You know, just common sense advice that people might overlook?

Stuff like a bag of beans is a bag of beans. The ones that cost a dollar taste the same as the ones that cost three dollars.

Or buy your canning jars after the season is over so they are on clearance.

Every buck you can save is a buck you can invest.


----------



## Jason (Jul 25, 2009)

That's a good idea. And don't go too hog wild. Just take things a little at a time.


----------



## GewehrWolf (Sep 3, 2009)

Rody said:


> You know, just common sense advice that people might overlook?


How about?????

"Never play poker with anyone whose first name is the name of a city"

Like "Dallas" Walker or "Miami" Johnson 

Just joking 

I would say being able to repair things is a good common sense ability. It's a real comfort to me to know that if my clothes need mending or the washing machine needs a pump motor replaced....Etc.... I can take care of the problem myself. I've gathered a pretty good collection of books over the years and I would hazzard a guess to say that most of them are "How To" repair types and I've used them a lot.

And, not only are repair skills handy to you they can be bartered for trade if need be.

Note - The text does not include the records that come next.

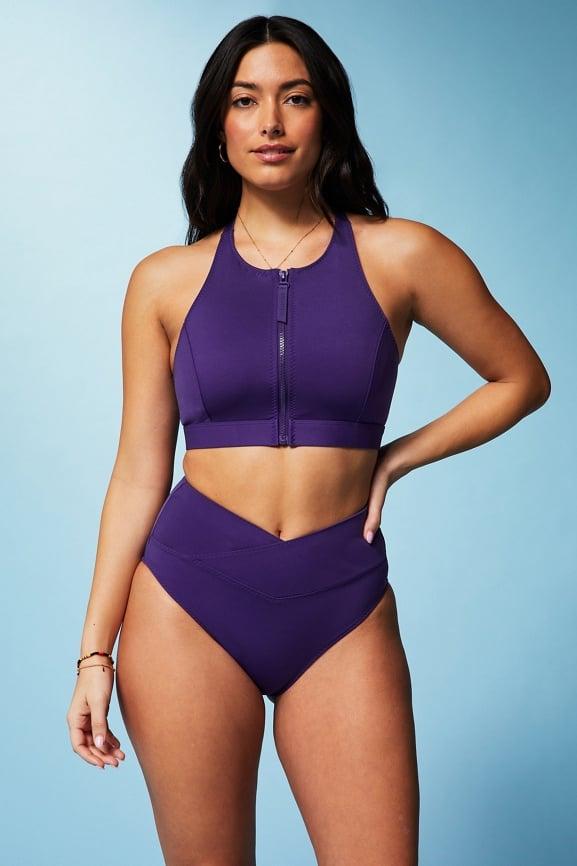 Swim meets sport. With a versatile front zip and sleek racerback, this swim top is fit for paddleboarding or poolside. It's crafted in recycled fabric that's high compression and shaping, ensuring you feel supported all day long.
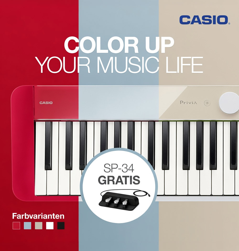 Der Frühling wird musikalisch! Ab dem 12. März 2026 startet die exklusive Casio „Color Up Your Music Life“ Aktion. Wer sich für das extrem kompakte und stylische Digitalpiano Casio Privia PX-S1100 entscheidet, profitiert in diesem Zeitraum von einem besonderen Bonus: Wir schenken Ihnen die passende 3-fach Pedaleinheit SP-34 im Wert von 69 € dazu!
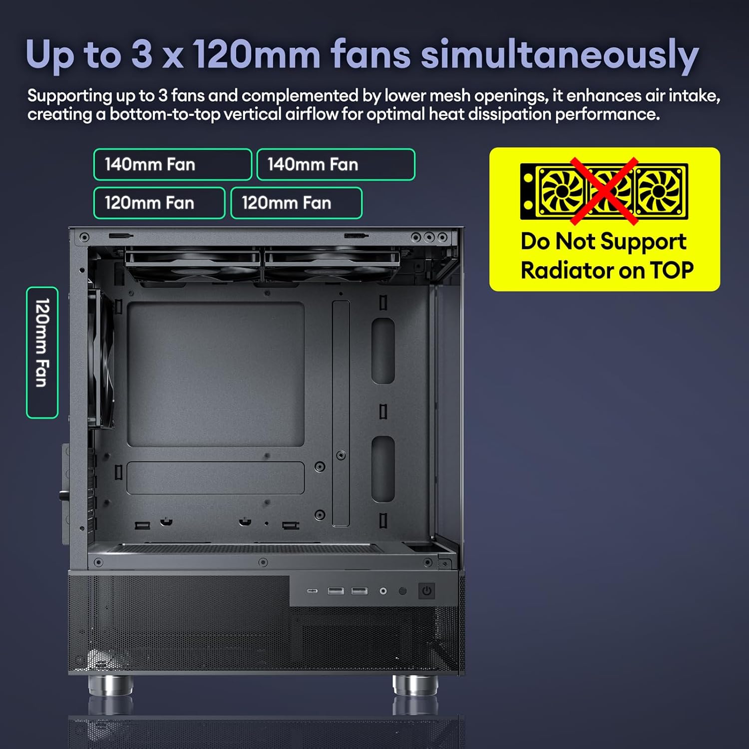 【Vertical Airflow Design with 2 × H12 Non-PWM Fans (No ARGB) at the Top and 1 × H12 Non-PWM Fan (No ARGB) at the Rear】 Equipped with 2 × H12 Non-PWM fans (No ARGB) at the top of the case, it achieves a meticulously designed vertical airflow path to ensure efficient cooling. Additionally, there is 1 × H12 Non-PWM fan(No ARGB) at the rear of the case to enhance airflow. With this meticulous airflow engineering, it guarantees optimal cooling performance;
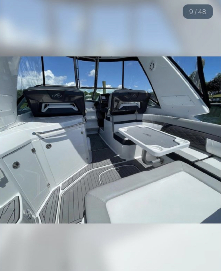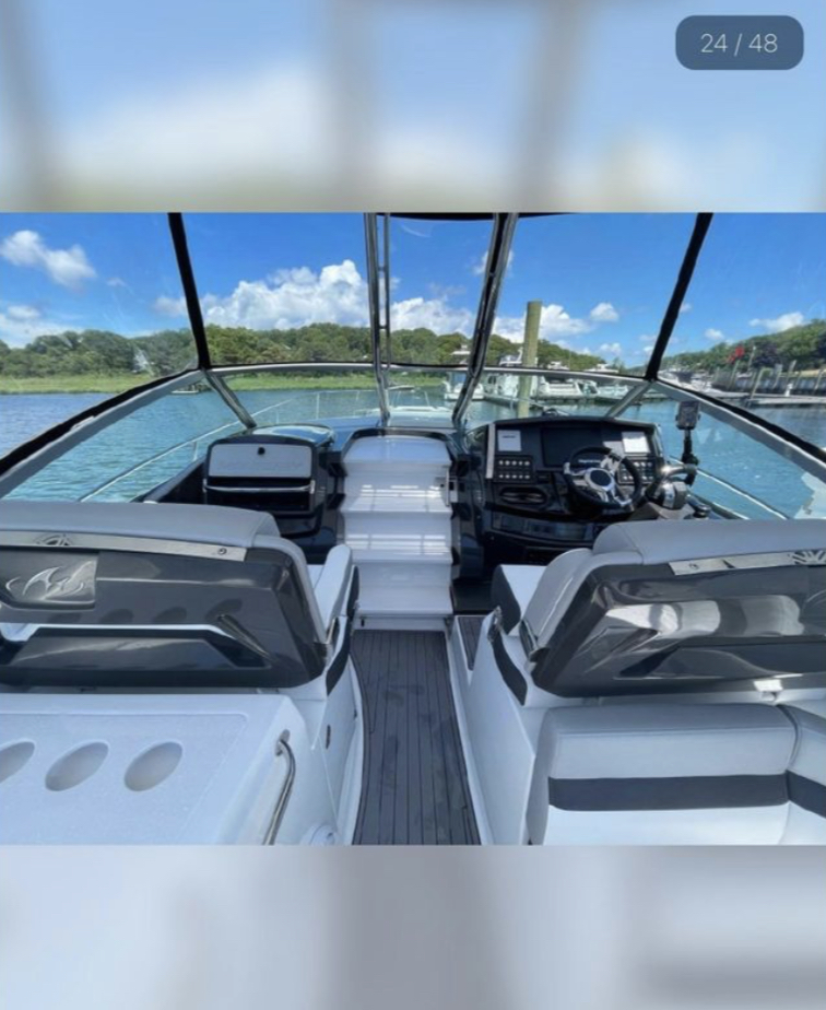 2021 Monterey 335 Sport Yacht. 185 hours on the Twin Mercruiser 6.2L 300HP engines with Digital Throttle Shift, AXIUS (Joystick) and SEACORE Outdrives. This package pushes her to a top-end speed in the low 40s mph and cruise in the mid-30s mph. Boat is turnkey and has been maintained with an open checkbook since she was bought.
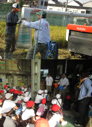 そして、機械を使って稲ともみをわける「脱穀」する様子を見ました。あっという間に、大きな袋にもみ(米)が詰められていきます。最後に、もみをしっかりと乾燥させる大きな機械を見学しました。
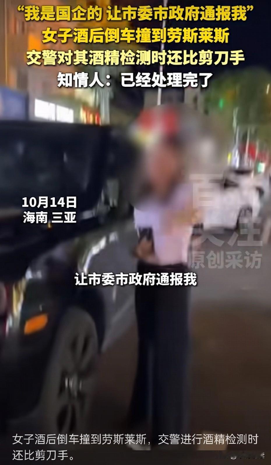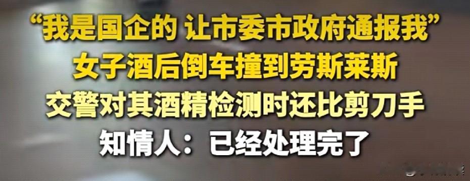 国企的就可以酒后驾车撞劳斯莱斯了了? 海南三亚。据百姓关注报道,有女子在酒后倒车撞倒了一辆劳斯莱斯,然后开始扬言说我现在反正是国企的,要让市委市政府来通报她。 感觉跟广西那个二级消防士有点如出一辙,反正现在是人是鬼,在外面只要有一点点身份,就觉得自己了不起,还是从古至今的金饭碗观念作祟,一个国企的都可以这么嚣张,要是这女的进体制内那就直接上天了
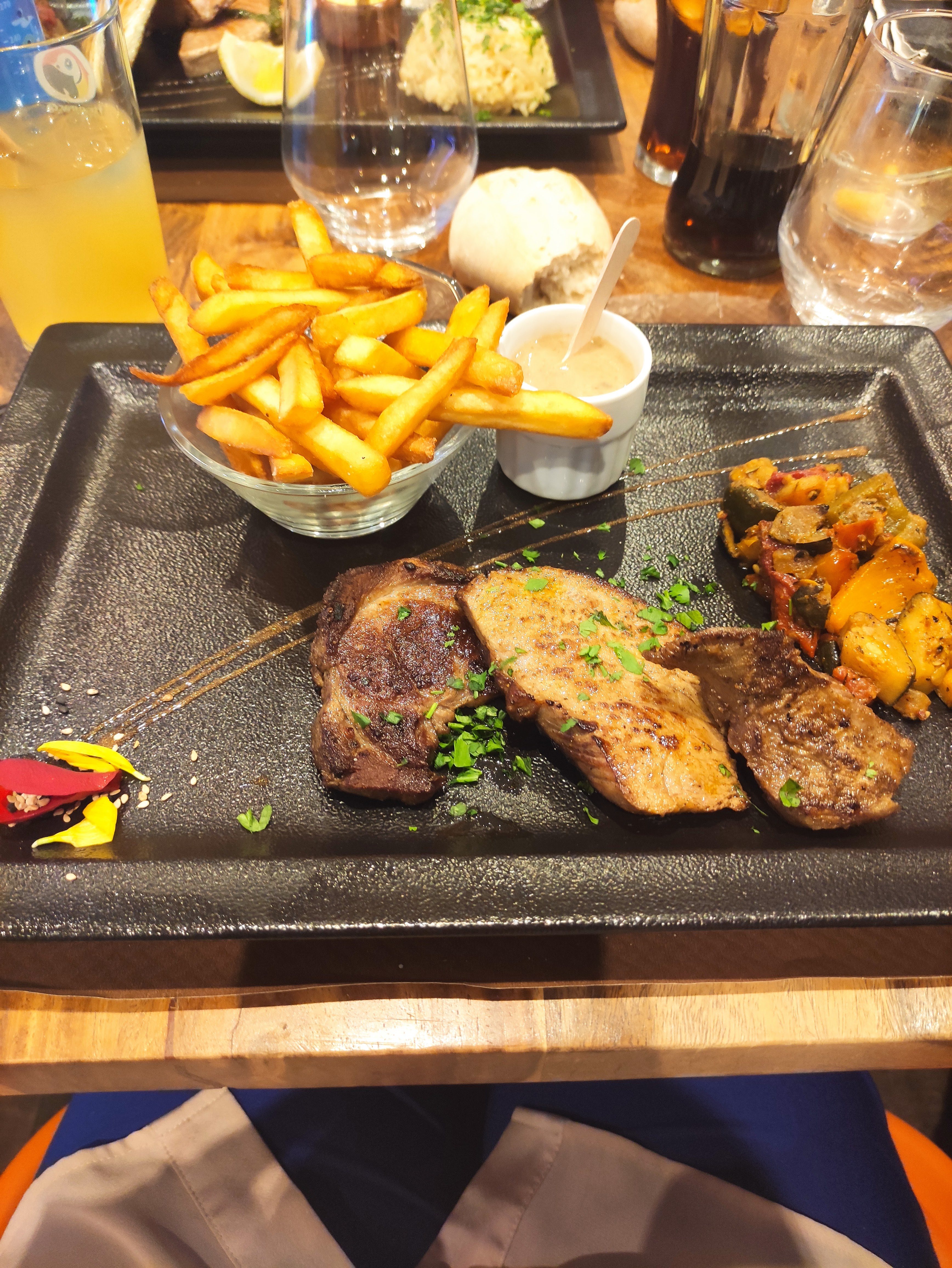 Endroit chaleureux, bon accueil et plats bien présentés. La salade était bonne et très belle. Je penses que c'est la première fois que je mange une aussi bonne viande ! Elle était excellente ! Bien assaisonnée, cuisson parfaite ! 👍 Les accompagnements sont assez simples, pas de choix et pas trop recherchés, c'est dommage.. Mention spéciale pour le cocktail mangue chef, il était succulent !! Nous reviendrons sans hésiter. 👌👌
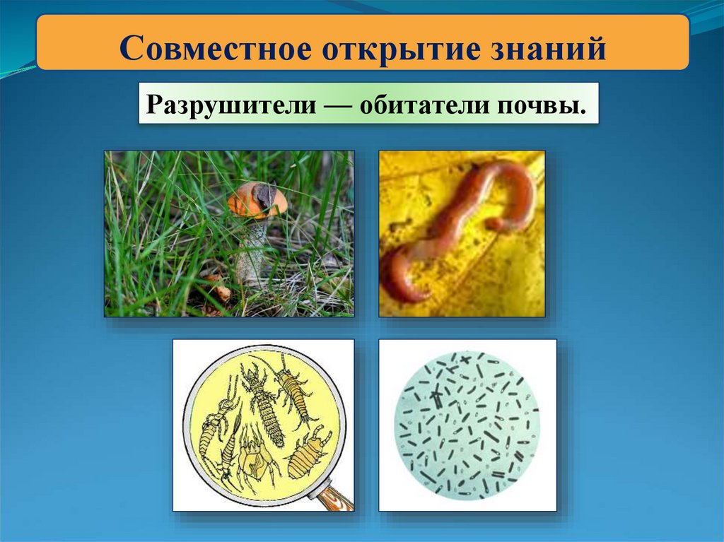 Совместное открытие знанийРазрушители — обитатели почвы.

I guess that qualifies as "Common Sense"


----------



## Rody (Sep 4, 2009)

Those bags of cheap leg quarters they sell can be cooked and canned up to use as soup or chicken and dumplings. Don't let your jars sit empty. Even those big cuts of beef like brisket can be canned. Just cut them up and add what you like. Cheaper is better sometimes. I know the leg quarters make better tasting soup than skinless fryer breasts.


----------



## kyfarmer (Feb 22, 2009)

I kinda figured it would be empty.  Cause common sense just ain't very common these day's. But i hope there's a lot of info on it.


----------